Built from the ground-up in a distributed world, like Apache Kafka

Peer-to-peer, distributed system (remember Conway's Law)

All nodes are the same (no leaders, no Main nodes)

Data partitioned among all nodes in a the cluster

Read/Write __anywhere__ design, not limited to communication to Single Point of Failure (SPOF)

Gossip protocol to exchange information:

> Who is up?  
> Who knows what?  
> Which node is "It's complicated" with which other node?  

---
Distribution, Replication and Fault Tolerance
---

Data is distributed across the nodes in the cluster using __Consistent Hashing__ based and on an Order Preserving Hash function. Order Preserving Hash is used that we could perform range scans over the data for analysis at some later point.

Cluster membership is maintained via Gossip style membership algorithm. Failures of nodes within the cluster are monitored using an Accrual Style Failure Detector.

High availability is achieved using replication and we actively replicate data across data centers.
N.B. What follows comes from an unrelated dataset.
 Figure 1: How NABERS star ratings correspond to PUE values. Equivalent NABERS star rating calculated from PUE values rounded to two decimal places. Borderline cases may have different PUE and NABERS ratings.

Since _eventual consistency_ is the mantra of the system reads execute on the closest replica and data is repaired in the background for increased read throughput.

System exhibits incremental scalability properties which can be achieved as easily as dropping nodes and having them automatically bootstrapped with data.

----
Data Writing
----

A commit log is used on each node to capture write activity to assure data durability

Data is also written to an in-memory structure (memory) and then to disk once the memory structure is full (SStable)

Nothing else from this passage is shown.